Reindustrialization: I’ve previously discussed this topic and consider it a top priority for Trump 2.0. Since 2018, when Trump first imposed tariffs on China, and later when Biden intensified these measures, China has redirected significant resources towards strengthening its industrial capabilities, contributing to the real estate market crash as banks were instructed to finance industrial projects over real estate.

The Ukraine-Russia conflict furthered underscored the importance of having a robust industrial base for strategic success, garnering bipartisan support for reindustrialization in the U.S. Yet, the road ahead is far from simple. Trump 1.0 didn’t face this challenge, making it a significant hurdle for Trump 2.0. As I noted before (here), there are several, less-than-ideal strategies for devaluing the U.S. dollar to boost U.S. manufacturing.

However, Trump 2.0 has one of two paths:

  1. Massive tariffs on China, Europe, and Japan.  This would likely result in a global recession and increased inflation in the U.S. as noted earlier.
  2. Browbeat China, Europe and Japan producers to come and produce in the U.S.  This not only solves the manufacturing issue, but it also brings expertise to revive industry to train younger labor.

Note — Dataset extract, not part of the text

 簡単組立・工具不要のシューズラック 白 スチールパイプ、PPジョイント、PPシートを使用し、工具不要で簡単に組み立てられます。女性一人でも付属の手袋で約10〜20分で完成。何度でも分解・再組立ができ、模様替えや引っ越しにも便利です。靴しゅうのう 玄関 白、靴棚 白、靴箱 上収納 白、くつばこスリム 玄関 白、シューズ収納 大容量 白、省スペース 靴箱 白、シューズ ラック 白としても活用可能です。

Deregulation:  One similarity between Trump 1.0 and Trump 2.0 is deregulation.  In Trump 1.0, he signed Executive Order 13771 that required that for every one new regulation issued, at least two prior regulations must be identified for elimination, aiming to reduce the regulatory burden on businesses.  Trump 2.0 looks to supersize this past executive order.  Based on interviews and articles, it appears that Trump 2.0 will use executive orders to put a stay to hundreds of regulations right away.  These will be challenged by lawsuits from blue states, but with recent Supreme Court cases (see West Virginia v. EPA & Loper Bright Enterprises v. Raimondo), many of these will be made permanent. 

The second step for Trump 2.0 is to allow Agency heads to cut regulations through the normal process (via Administrative Procedures Act).  This process can take a long time, but it will be another source of deregulation.  So, while this carries some similarities as Trump 1.0, look for Trump 2.0 to accelerate the process.

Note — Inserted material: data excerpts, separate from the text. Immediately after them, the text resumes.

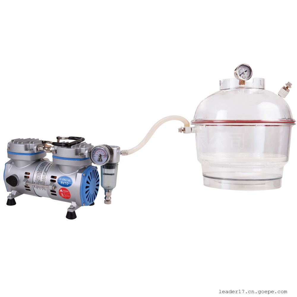 ●真空泵:本型號標配的是無油真空泵,真空度可達30mbar,抽速為20L/Min,可以在較短的時間內將干燥器抽到較為理想的真空度。無油真空泵插電就能使用,不需要連接水源或加入泵油,日常使用中業務進行換油等保養維護,使用時不會有油污污染產生,是一款使用體驗較好的真空泵。除了搭配無油真空泵外,有些應用如真空脫泡,對真空度要求較高,可以選擇搭配旋片式油泵的型號如T242DV,真空度低至0.1mbar,能夠抽走更多的空氣,達到更好的真空度。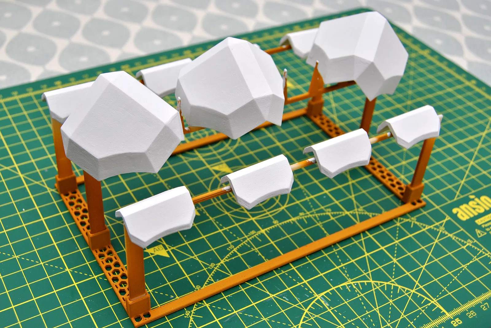 • Thiết kế dạng module, tháo rời để cất gọn phẳng, và chi phí thấp - bộ setup như trong ảnh chỉ tốn dưới 20g filament để in. Cũng có các hình lục giác. Vì yêu lục giác :v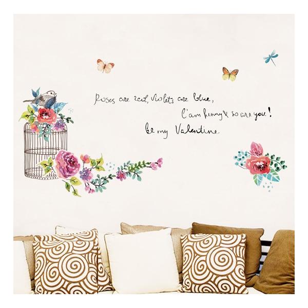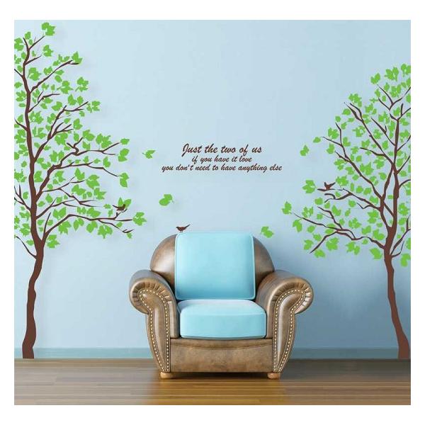 ウォールステッカー 大きい グリーンリーフの木と小鳥 はがせる 壁紙シール シンプル ツリー 外の景色 葉っぱ 枝 英字 リビング ソファー

Taxes:  Trump 2.0 has promised big income tax cuts for both individuals and corporations.  These taxes are supposed to be funded by increases in tariffs and cuts in wasteful government spending.  But will the math add up?  Trump 1.0 was not considered a traditional Republican as he didn’t care much about the deficit.  Will Trump 2.0 be akin to a software update to focus on deficits by offsetting tax cuts with tariffs & spending cuts?

Lastly, despite the mixed messages on protectionism from even Trump’s more moderate economic advisors, I believe a key political necessity will keep him from escalating into a significant trade conflict with Canada, Mexico, Europe, or even China, at least during his first two years in office. This is due to a subtle yet crucial shift in U.S. politics over the last month: the Republican majority in the House of Representatives has dwindled to a single vote due to recounts and forced resignations post-election. Consequently, the so-called “trifecta” (the same party controlling the White House, Senate, and House of Representatives) of Republican control in Washington has become extremely unstable. Trump must now recognize that his party is almost guaranteed to lose control of the House in the 2026 elections. Post-2026, with a deeply divided Congress, Trump’s ability to push through contentious legislation will be severely hampered. Considering the delay between legislative action and its impact on public opinion, this leaves Trump with roughly a year to demonstrate superior economic management compared to Biden. Should the U.S. face any major economic downturn in 2025-26, particularly a spike in inflation rather than the anticipated economic boom, Trump’s approval ratings could nosedive, relegating him to spend the remainder of his term as one of the weakest presidents, politically speaking.